FoundriesFactory® includes all you need to build a containerized application and securely deploy it on devices. This includes:

• a git repository
• a CI service that handles the steps to build and delivery apps leveraging the TUF compliant OTA service.

You can learn more through this tutorial.

FoundriesFactory consists of well integrated but loosely coupled services. This allows for using the FoundriesFactory OTA framework directly, without using either FoundriesFactory git repos or the CI service. This means you can host your source code anywhere, and build your App through any framework, and still leverage the rest of FoundriesFactory.

This section guides you through the steps of creating a custom CI pipeline in GitHub that:

• builds multi-arch container images and pushes them to FoundriesFactory Registry;
• builds a FoundriesFactory Compose App and pushes it to the FoundriesFactory Registry;
• composes TUF Targets role metadata compliant with FoundriesFactory TUF requirements;
• adds the composed TUF Targets to FoundriesFactory Targets.

Prerequisites

1. A successful build with a corresponding Target and tag, and the hardware ID, to use for this guide.
2. A GitHub repo with source code, Dockerfiles, and a Docker compose file.

Below is an example of how the prerequisites would look like:

1. Factory lmp-demo with a successfully built Target having the tag custom-ci-devel and the hardware ID raspberrypi4-64.

   Fioctl targets show 1 -f lmp-demo
       APP  HASH
       ---  ----
   ## Target: raspberrypi4-64-lmp-1
      Created:       2022-11-30T00:20:31Z
      Tags:          custom-ci-devel
      OSTree Hash:   fe15cf8ad5e09136725ef996c93299d70fa0d20bfa2f10651437b8860b9edcdb
   

3. The GitHub repo that contains a working App implementation.

Creating And Setting the Access Token

The GitHub action needs to be authentication for the FoundriesFactory OTA service and the FoundriesFactory Registry. You can create the token to add to the GitHub action via the FoundriesFactory WebApp. The token must have containers:read-update and targets:read-update scopes to access the registry and the OTA service, respectively.

Set Token in GitHub Repo

Go to https://github.com/foundriesio/<your repo>/settings/secrets/actions and add a secret named FIO_TOKEN with the value of the token obtained in the previous step.

Define GitHub Actions Workflow

The next step is to define a GitHub actions workflow in your repo or extend an existing one. The sample GitHub actions workflow demonstrates a workflow that communicates with FoundriesFactory to achieve the goals <ug-custom-ci-app> of this guide.
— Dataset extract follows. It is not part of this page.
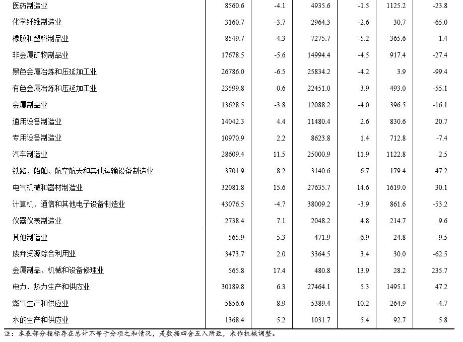 1—4月份,在41個工業(yè)大類行業(yè)中,13個行業(yè)利潤總額同比增長,1個行業(yè)持平,27個行業(yè)下降。主要行業(yè)利潤情況如下:電力、熱力生產(chǎn)和供應(yīng)業(yè)利潤總額同比增長47.2%,電氣機械和器材制造業(yè)增長30.1%,通用設(shè)備制造業(yè)增長20.7%,汽車制造業(yè)增長2.5%,石油和天然氣開采業(yè)下降6.0%,專用設(shè)備制造業(yè)下降7.4%,煤炭開采和洗選業(yè)下降14.6%,非金屬礦物制品業(yè)下降27.4%,紡織業(yè)下降30.2%,農(nóng)副食品加工業(yè)下降36.3%,計算機、通信和其他電子設(shè)備制造業(yè)下降53.2%,有色金屬冶煉和壓延加工業(yè)下降55.1%,化學(xué)原料和化學(xué)制品制造業(yè)下降57.3%,石油、煤炭及其他燃料加工業(yè)下降87.9%,黑色金屬冶煉和壓延加工業(yè)下降99.4%。

The workflow does the following:

1. Builds and pushes images to the registry.
2. Stores the built image URIs (must be digest/hashed references) so they can be referenced from the App compose project.
3. Builds and pushes the Compose App by utilizing the compose-publish utility.
4. Composes and posts new Target(s) that references the App built in step 3. The fioctl targets add command is utilized to accomplish it.

Learn App Repo Structure Details

It is important to understand the structure of the sample App before creating your own App and CI job that communicates with the FoundriesFactory services.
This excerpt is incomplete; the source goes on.